Uno dei punti più problematici del resoconto ufficiale è la fine del corpo di Osama bin Laden. I SEAL lo avrebbero caricato su uno degli elicotteri, in seguito sarebbe stato effettuato un esame del DNA e il corpo sarebbe stato “sepolto in mare”. Il fatto che non è stato mostrato il corpo di Osama ha consentito ai vari complottisti di sostenere che bin Laden è ancora vivo (assieme ad Elvis) nascosto da qualche parte. Ai fedeli musulmani invece non è andato particolarmente giù che bin Laden non abbia ricevuto una sepoltura secondo i dettami del Corano. Gli USA si affrettarono a smentire quest’ultima affermazione dicendo che era stato fatto tutto il possibile e il necessario per garantire il rispetto dei precetti coranici in materia di sepoltura (a parte il dettaglio del corpo gettato in mare). Hersh sostiene però che non ci sono prove che dimostrino che il corpo di Osama sia arrivato sulla portaerei Carl Vinson, nessuna testimonianza nemmeno sui chi abbia eseguito la cerimonia funebre. Ancora una volta entrano in gioco diverse “fonti anonime” che sostengono che i SEAL avrebbero crivellato di colpi Osaba facendo a pezzi il corpo dello sceicco del terrore i cui resti sarebbero stati sparpagliati da un elicottero sulle montagne dell’Hindu Kush.

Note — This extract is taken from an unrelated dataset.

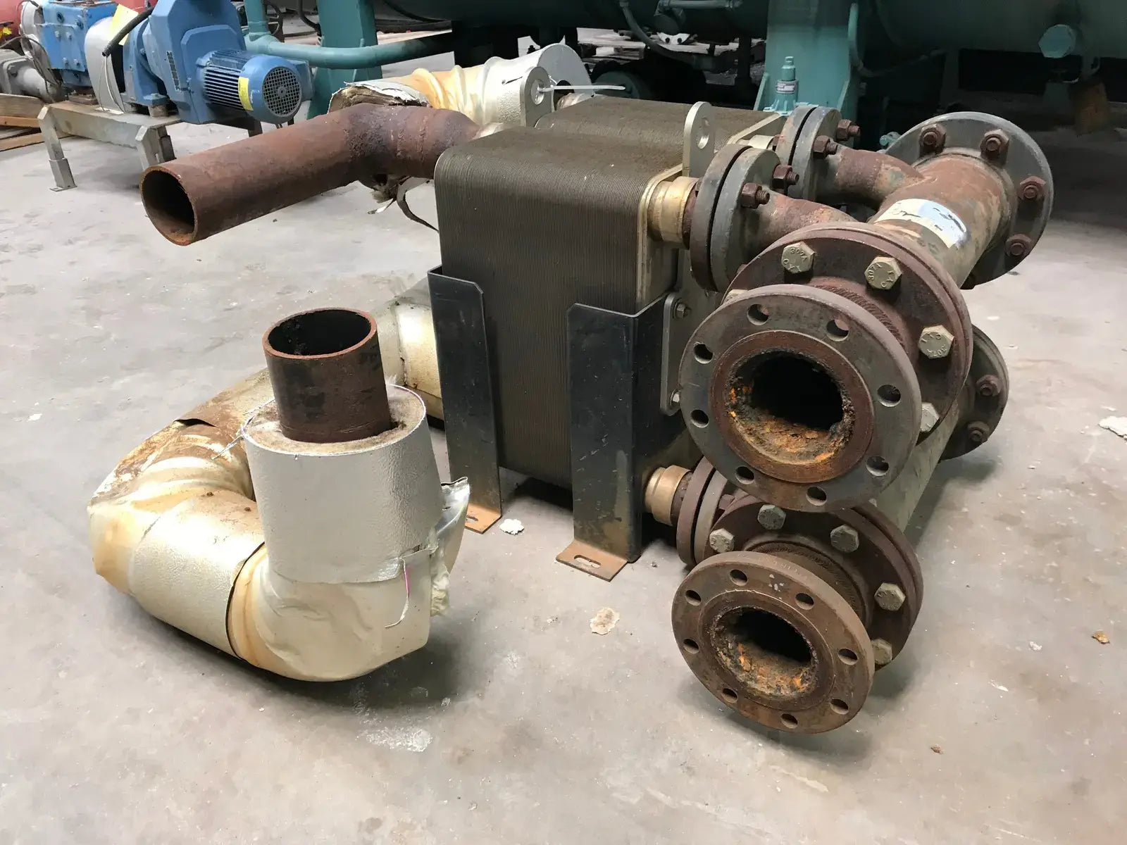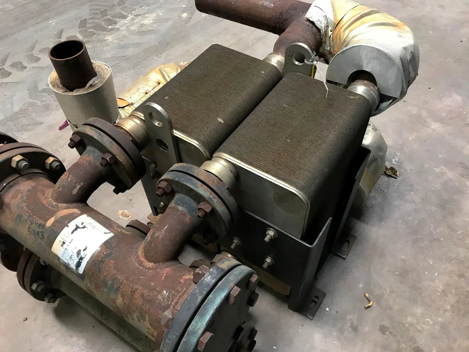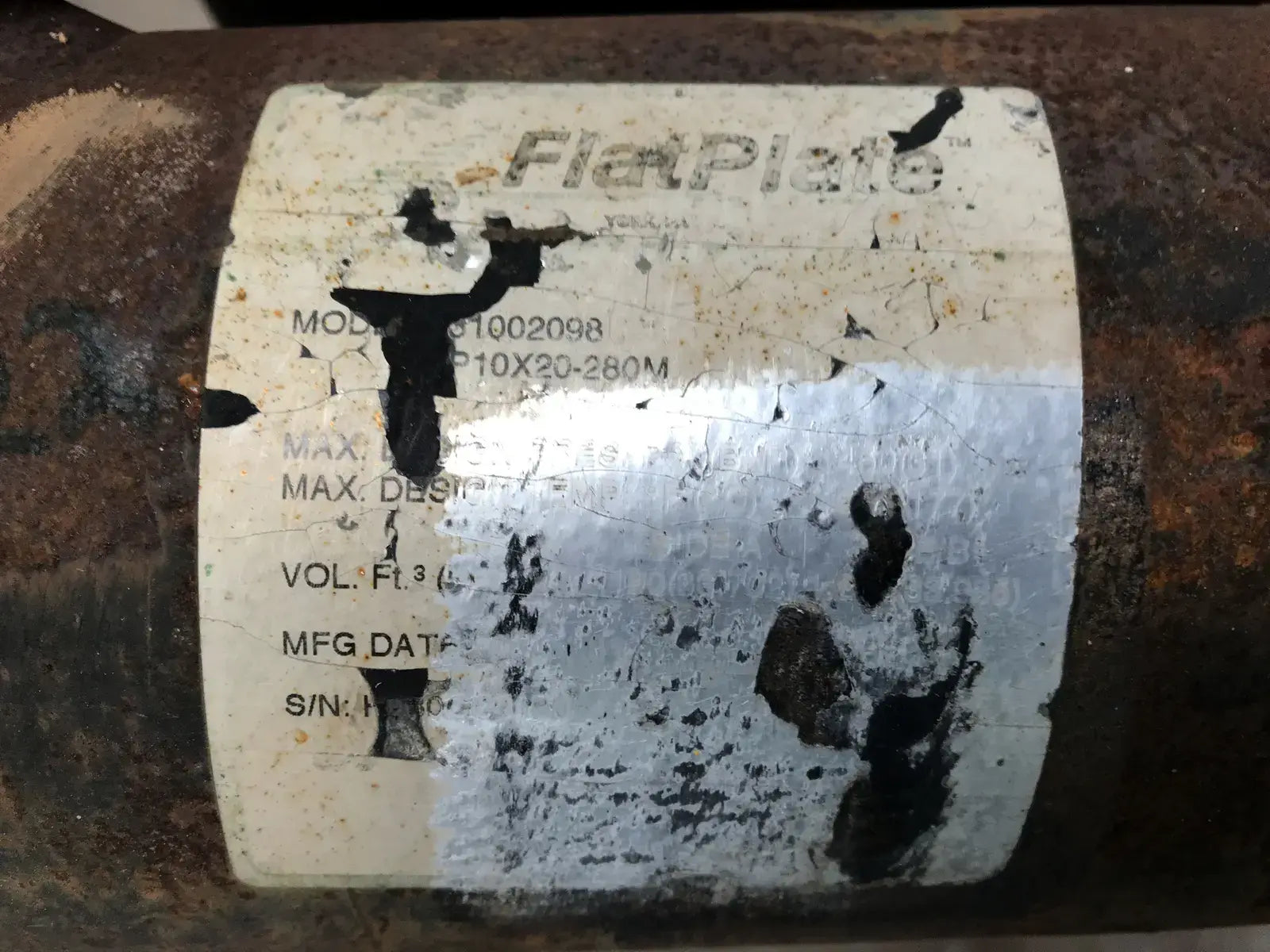 Intercambiador de calor de placas soldadas FlatPlate usado. Serie 3100. Modelo: 31002098. Serie: P10X20-280M. Presión máxima de diseño: 450 PSI / 31 Bar. Temperatura máxima de diseño 190F / 33,7C (lado A). Fecha de fabricación: 01.08.31.

IL PROBLEMA DELLA VERSIONE DI HERSH
Seympur Hersh è un giornalista investigativo molto rispettato, il suo racconto fornisce molti dettagli che spiegano il retroscena dell’evento che avrebbe dovuto porre fine alla guerra al terrorismo (ma ormai bin Laden non contava più molto nella galassia del terrore islamico). Il problema principale rimane il massiccio ricorso alle fonti anonime, ex ufficiali pakistani, ex SEAL, ex militari USA senza nome. L’editor di Hersh al New Yorker sostiene di essere a conoscenza dell’identità di tutte le fonti utilizzate da Hersh, ma rimane il dubbio di quanto a volte sia “conveniente” far scaturire le informazioni da una fonte anonima, senza fornire ulteriori prove che ne corroborino le affermazioni. Un aspetto questo sul quale Hersh dovrà fare chiarezza.